__Required action__:
Every record below needs to be written out exactly, apart from the pictures.

(Records from a dataset)
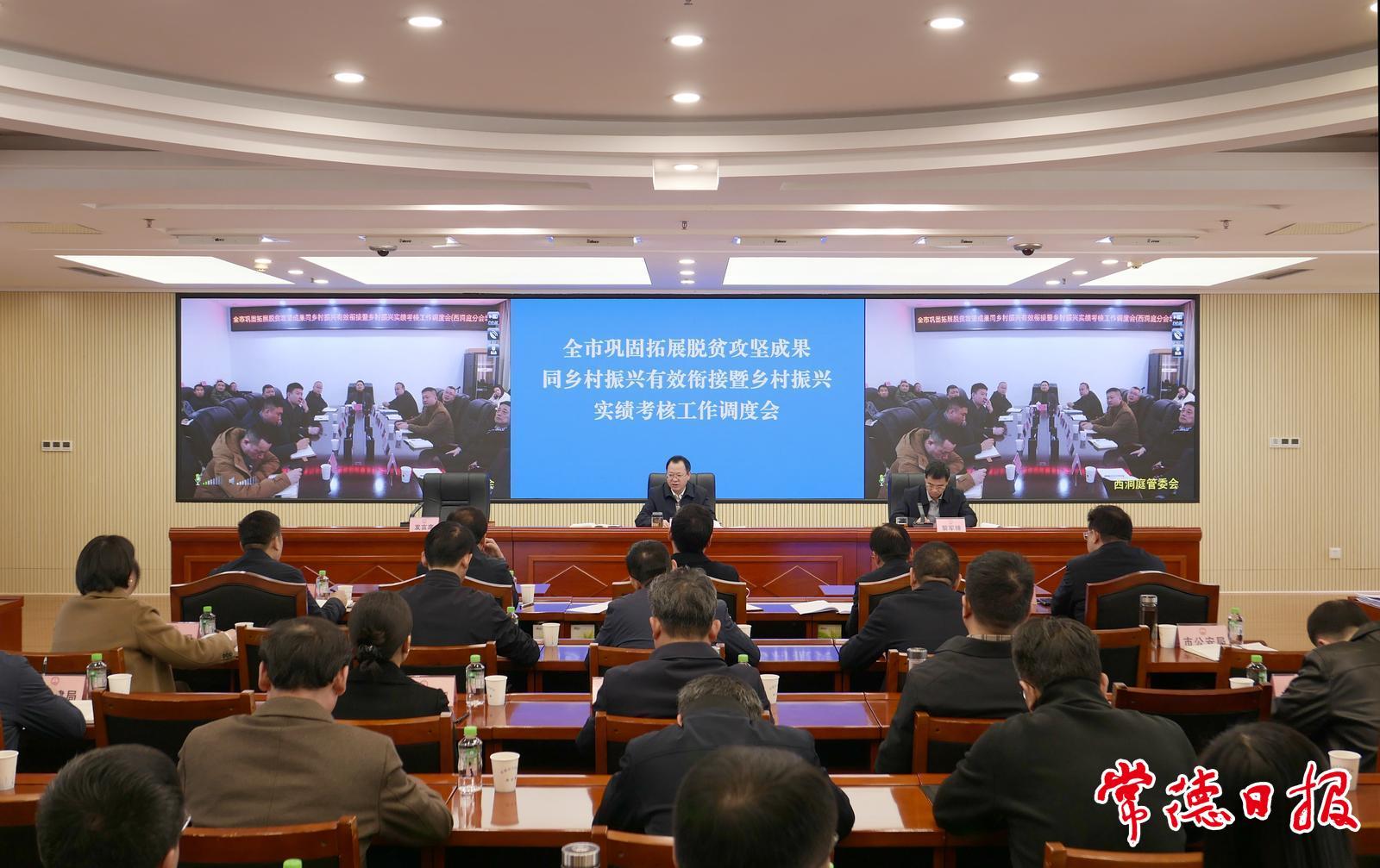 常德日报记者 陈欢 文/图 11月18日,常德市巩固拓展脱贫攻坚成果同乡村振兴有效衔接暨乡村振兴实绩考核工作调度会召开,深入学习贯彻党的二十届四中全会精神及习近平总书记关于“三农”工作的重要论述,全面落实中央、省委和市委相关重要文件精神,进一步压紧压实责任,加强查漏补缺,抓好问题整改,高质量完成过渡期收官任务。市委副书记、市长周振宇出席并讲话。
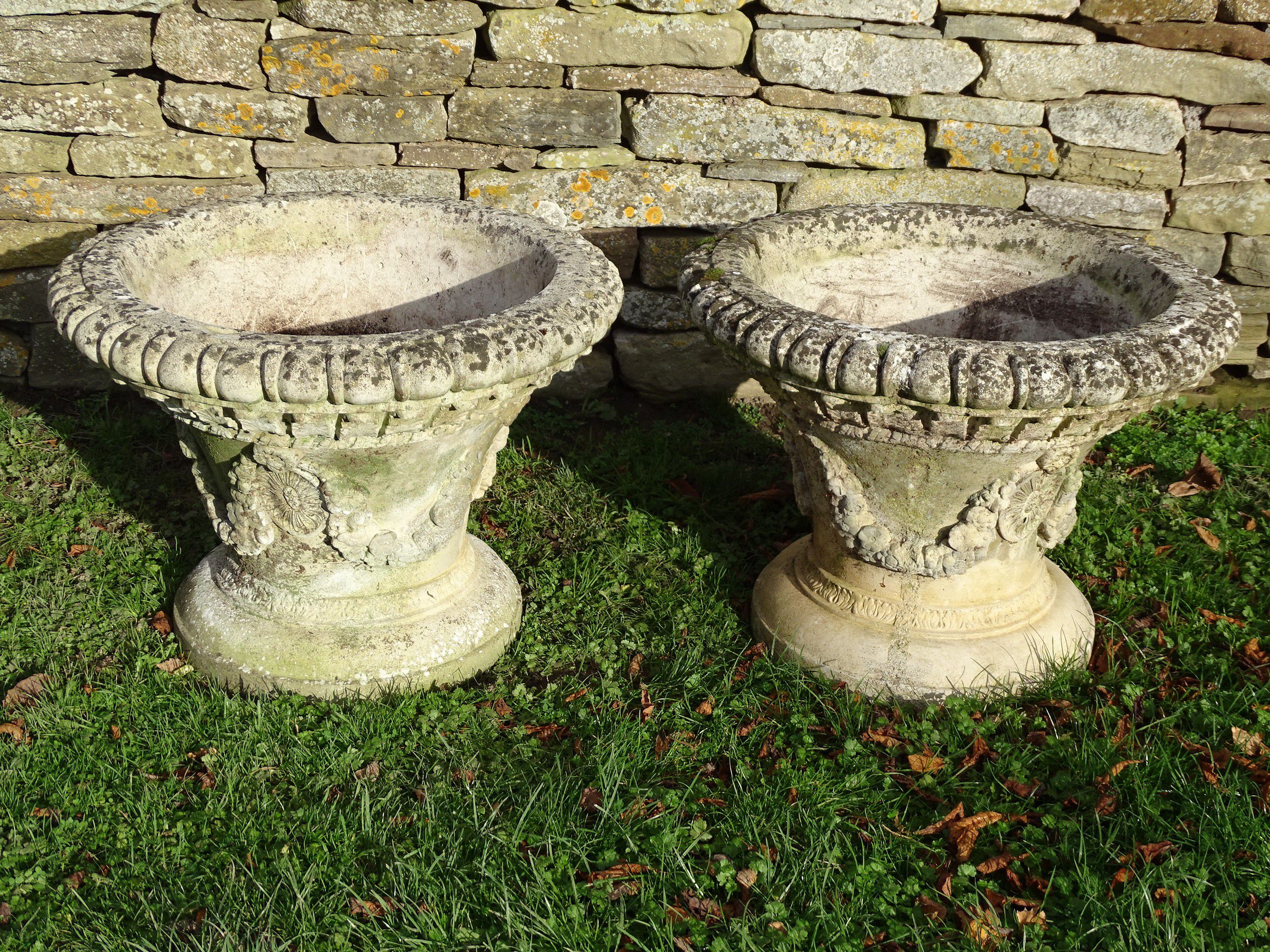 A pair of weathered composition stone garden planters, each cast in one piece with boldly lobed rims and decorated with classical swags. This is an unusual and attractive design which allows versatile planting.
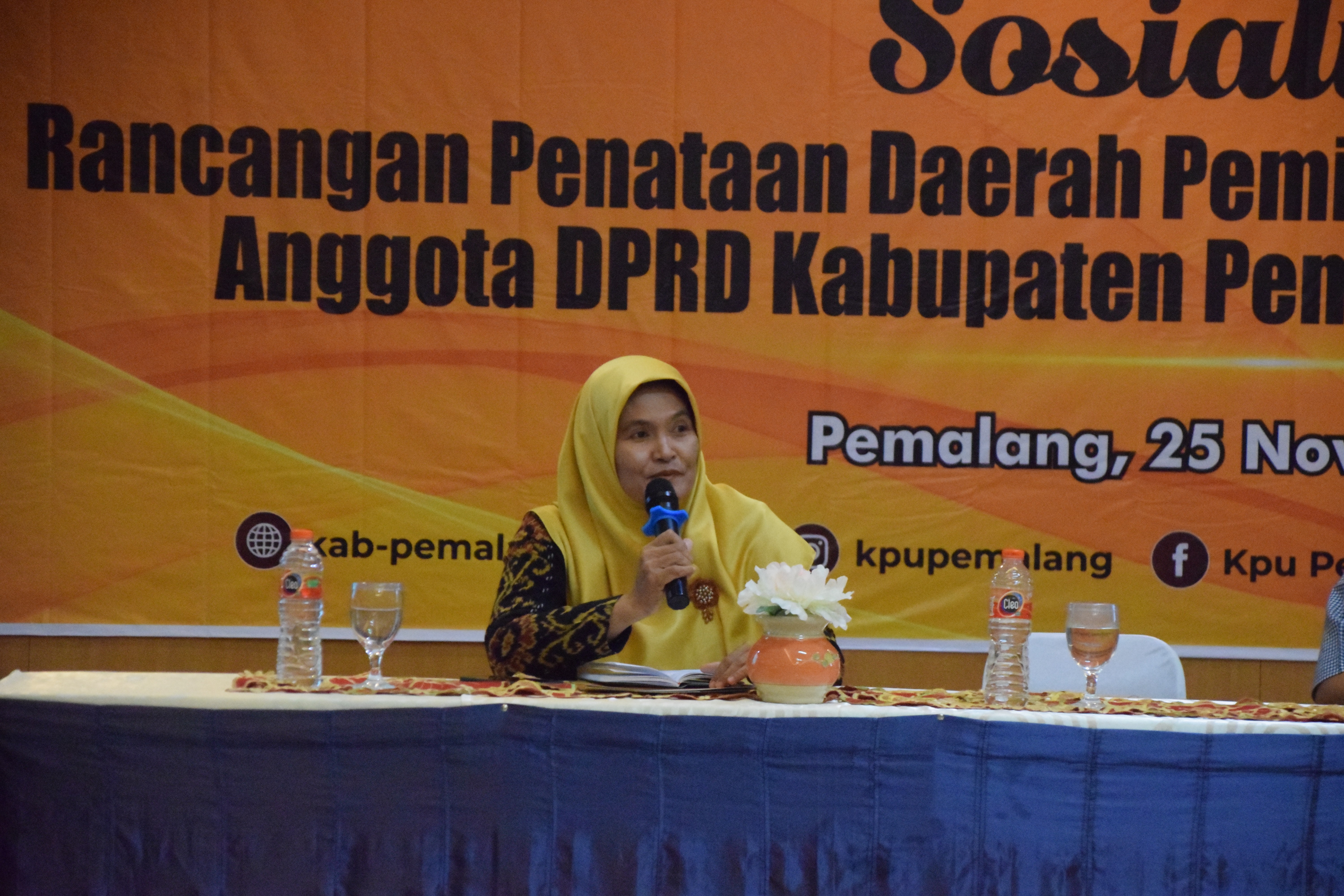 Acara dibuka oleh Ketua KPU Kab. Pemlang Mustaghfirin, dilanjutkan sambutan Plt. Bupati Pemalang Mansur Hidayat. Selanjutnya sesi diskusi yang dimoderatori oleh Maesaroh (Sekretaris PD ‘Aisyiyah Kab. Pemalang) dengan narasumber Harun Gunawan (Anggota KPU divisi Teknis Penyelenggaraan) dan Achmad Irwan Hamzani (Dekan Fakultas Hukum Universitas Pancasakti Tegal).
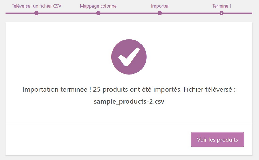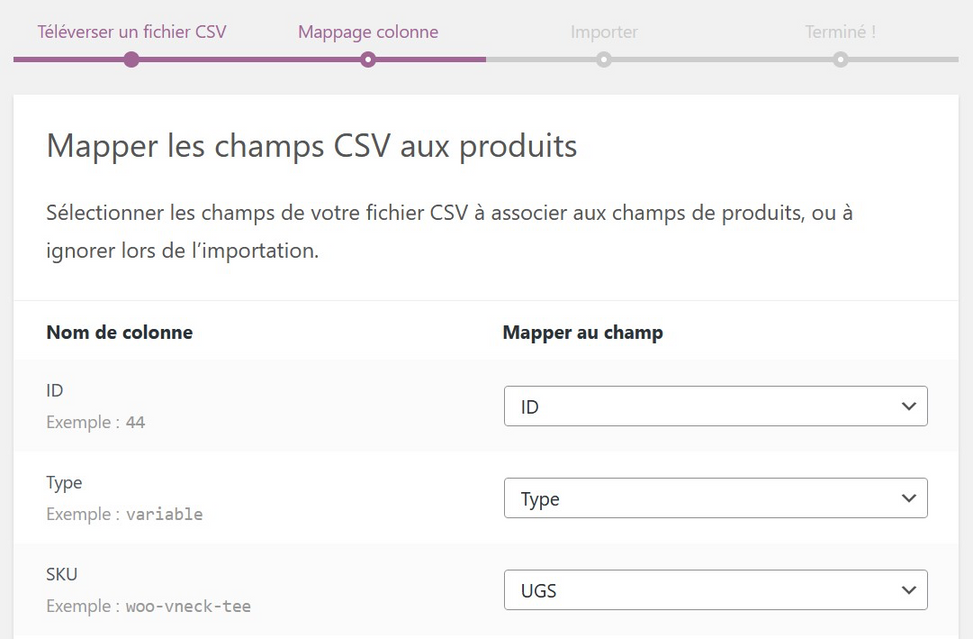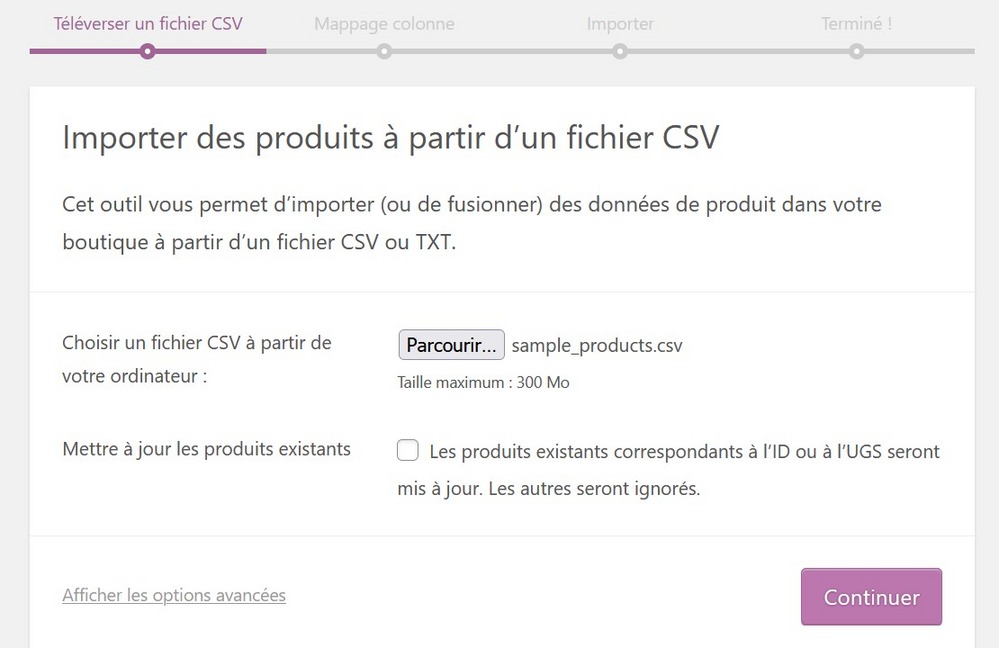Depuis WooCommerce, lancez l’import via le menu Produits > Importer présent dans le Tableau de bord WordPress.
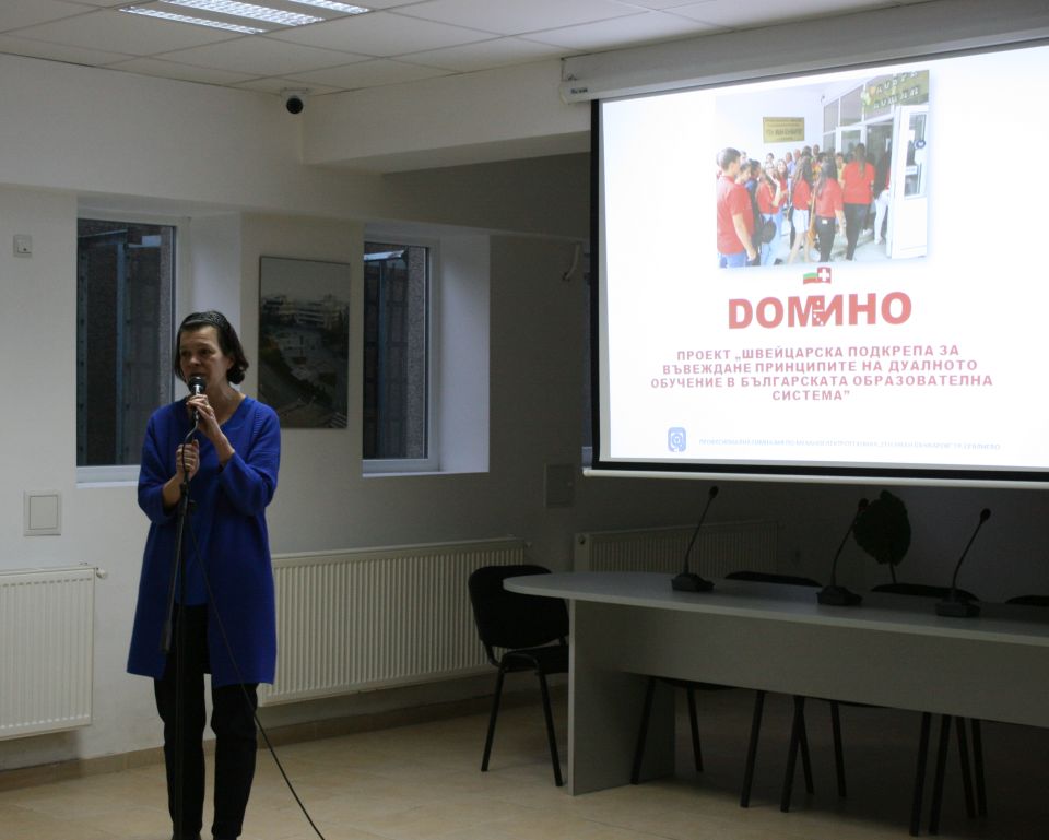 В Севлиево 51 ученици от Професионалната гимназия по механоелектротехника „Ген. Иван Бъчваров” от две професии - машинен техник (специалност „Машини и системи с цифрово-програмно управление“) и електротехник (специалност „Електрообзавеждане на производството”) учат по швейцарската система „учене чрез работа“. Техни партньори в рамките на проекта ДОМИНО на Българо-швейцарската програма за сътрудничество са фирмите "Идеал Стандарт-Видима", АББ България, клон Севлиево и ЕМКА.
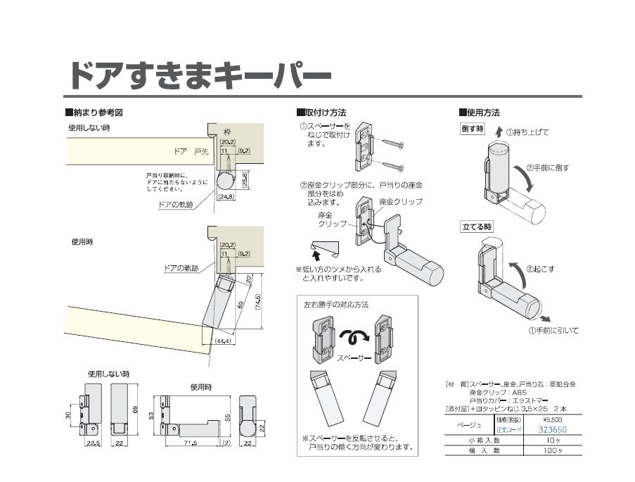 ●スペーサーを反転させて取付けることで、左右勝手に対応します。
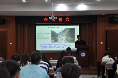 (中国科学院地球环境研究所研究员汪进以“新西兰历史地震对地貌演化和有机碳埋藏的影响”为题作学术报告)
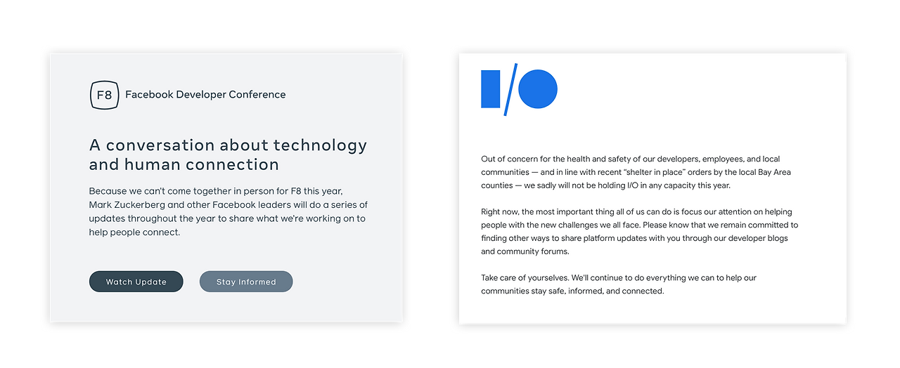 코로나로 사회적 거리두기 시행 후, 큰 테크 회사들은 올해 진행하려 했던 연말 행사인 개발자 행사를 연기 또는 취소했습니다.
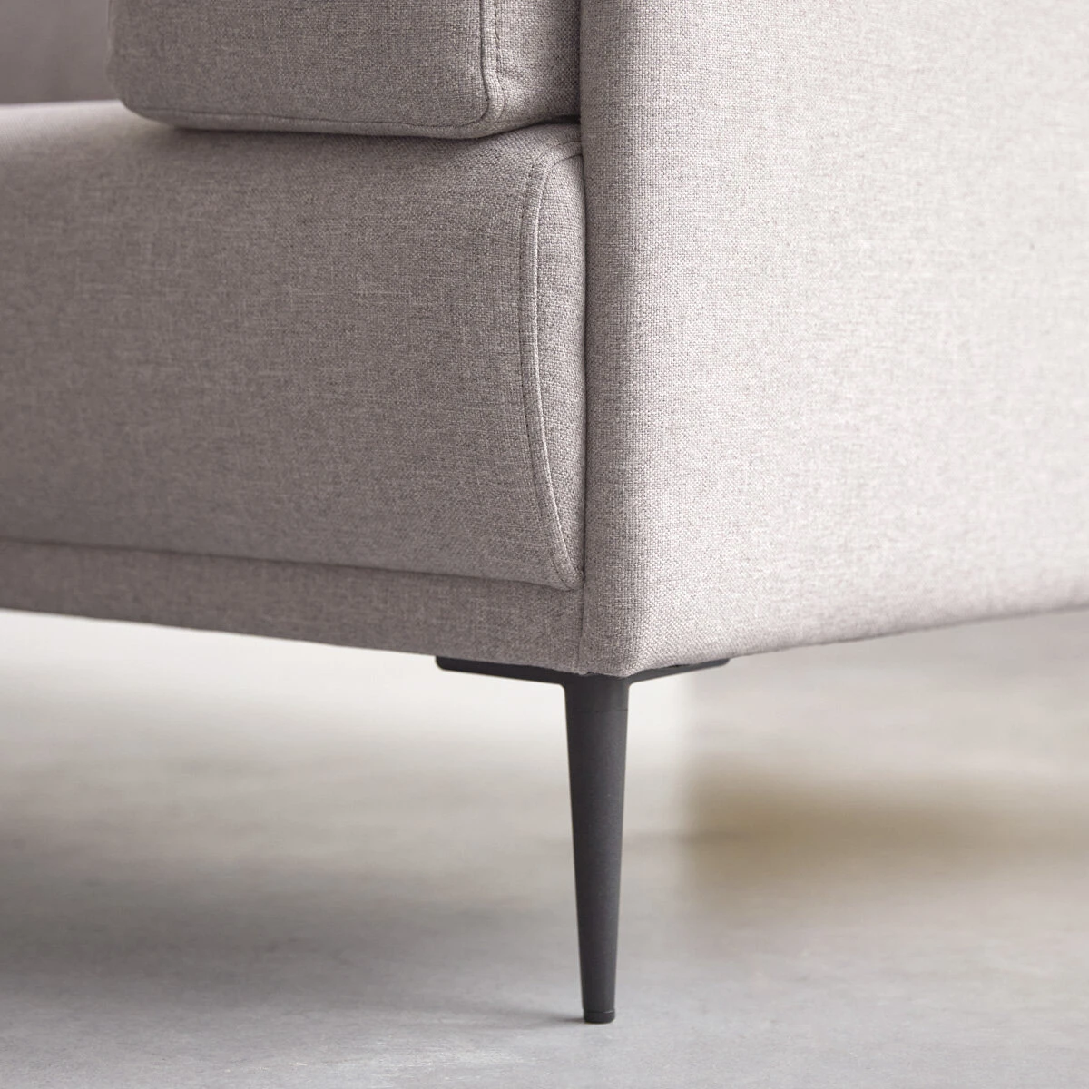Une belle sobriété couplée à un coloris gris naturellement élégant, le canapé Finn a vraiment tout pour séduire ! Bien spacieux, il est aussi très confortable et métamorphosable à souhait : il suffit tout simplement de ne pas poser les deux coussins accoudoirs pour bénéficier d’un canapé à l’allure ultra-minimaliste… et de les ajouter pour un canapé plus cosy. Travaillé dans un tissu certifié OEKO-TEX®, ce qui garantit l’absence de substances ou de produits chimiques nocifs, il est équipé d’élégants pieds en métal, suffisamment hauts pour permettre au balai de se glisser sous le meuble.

__Answer box__:
 常德日报记者 陈欢 文/图 11月18日,常德市巩固拓展脱贫攻坚成果同乡村振兴有效衔接暨乡村振兴实绩考核工作调度会召开,深入学习贯彻党的二十届四中全会精神及习近平总书记关于“三农”工作的重要论述,全面落实中央、省委和市委相关重要文件精神,进一步压紧压实责任,加强查漏补缺,抓好问题整改,高质量完成过渡期收官任务。市委副书记、市长周振宇出席并讲话。
 A pair of weathered composition stone garden planters, each cast in one piece with boldly lobed rims and decorated with classical swags. This is an unusual and attractive design which allows versatile planting.
 Acara dibuka oleh Ketua KPU Kab. Pemlang Mustaghfirin, dilanjutkan sambutan Plt. Bupati Pemalang Mansur Hidayat. Selanjutnya sesi diskusi yang dimoderatori oleh Maesaroh (Sekretaris PD ‘Aisyiyah Kab. Pemalang) dengan narasumber Harun Gunawan (Anggota KPU divisi Teknis Penyelenggaraan) dan Achmad Irwan Hamzani (Dekan Fakultas Hukum Universitas Pancasakti Tegal).
Depuis WooCommerce, lancez l’import via le menu Produits > Importer présent dans le Tableau de bord WordPress.
 В Севлиево 51 ученици от Професионалната гимназия по механоелектротехника „Ген. Иван Бъчваров” от две професии - машинен техник (специалност „Машини и системи с цифрово-програмно управление“) и електротехник (специалност „Електрообзавеждане на производството”) учат по швейцарската система „учене чрез работа“. Техни партньори в рамките на проекта ДОМИНО на Българо-швейцарската програма за сътрудничество са фирмите "Идеал Стандарт-Видима", АББ България, клон Севлиево и ЕМКА.
 ●スペーサーを反転させて取付けることで、左右勝手に対応します。
 (中国科学院地球环境研究所研究员汪进以“新西兰历史地震对地貌演化和有机碳埋藏的影响”为题作学术报告)
 코로나로 사회적 거리두기 시행 후, 큰 테크 회사들은 올해 진행하려 했던 연말 행사인 개발자 행사를 연기 또는 취소했습니다.
Une belle sobriété couplée à un coloris gris naturellement élégant, le canapé Finn a vraiment tout pour séduire ! Bien spacieux, il est aussi très confortable et métamorphosable à souhait : il suffit tout simplement de ne pas poser les deux coussins accoudoirs pour bénéficier d’un canapé à l’allure ultra-minimaliste… et de les ajouter pour un canapé plus cosy. Travaillé dans un tissu certifié OEKO-TEX®, ce qui garantit l’absence de substances ou de produits chimiques nocifs, il est équipé d’élégants pieds en métal, suffisamment hauts pour permettre au balai de se glisser sous le meuble.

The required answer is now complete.